3. The GUCY2C agonist of claim 1 or claim 2, wherein the individual has Parkinson's disease stage 1, 2, 3 or 4.

4. The GUCY2C agonist of any one of claims 1-3, wherein the agonist is guanylin or a functional derivative thereof.

5. The GUCY2C agonist of any one of claims 1-4, wherein the treatment further comprises a administering a PDE inhibitor to the individual.

6. A method of increasing dopamine production by a dopaminergic cell, the method comprising increasing signaling by Guanylate Cyclase 2C (GUCY2C) in said cell.

7. A method of increasing the level of phosphorylation of Ser40 of tyrosine hydroxylase in a dopaminergic cell, the method comprising increasing signaling by GUCY2C in said cell.

8. The method of claim 6 or claim 7, wherein the signaling by GUCY2C is increased by contacting said cell with a GUCY2C agonist.

9. The method of claim 8, wherein said agonist is guanylin or a functional derivative thereof.

10. The method of any one of claims 6-9, further comprising providing said cell with a PDE inhibitor.

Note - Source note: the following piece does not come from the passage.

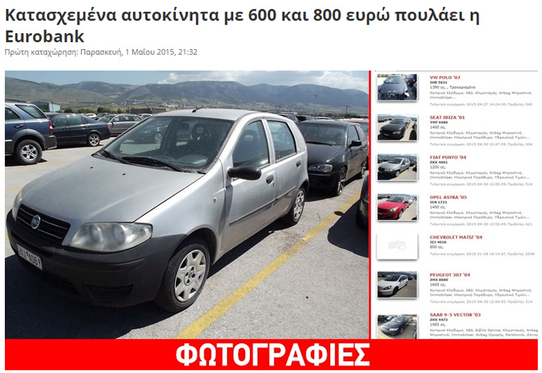 Τα κατασχεμένα αυτοκίνητα που διέθετε προς πώληση το τμήμα μεταχειρισμένων – κατασχεμένων αυτοκινήτων της Eurobank, με τιμή που ξεκινούσε από 600 ευρώ.

11. The method according to any one of claims 6-10, wherein the cell is a dopaminergic neuron, preferably a midbrain dopaminergic neuron.

12. An isolated or recombinant human cell comprising ectopic expression of human GUCY2C and/or ectopic expression of human tyrosine hydroxylase.

13. The isolated or recombinant human cell of claim 12 comprising ectopic expression of human GUCY2C and ectopic expression of human tyrosine hydroxylase.

14. A method for identifying a candidate compound for modifying dopamine production by a dopaminergic cell, the method comprising culturing a cell according to claim 12 or claim 13; contacting said cell with the candidate compound and determining the activity of tyrosine hydroxylase in said cell.

15. The method of claim 14, wherein the level of phosphorylation of Ser40 of tyrosine hydroxylase is determined.

16. Use of a GUCY2C gene, an RNA or a protein encoded by the gene as a target for identifying a compound that is active in modulating tyrosine hydroxylase activity in a dopaminergic cell.

17. A method of treatment of an individual that has Parkinson's disease, or is at risk of developing the disease, the method comprising administering a GUCY2C agonist to the individual in need thereof.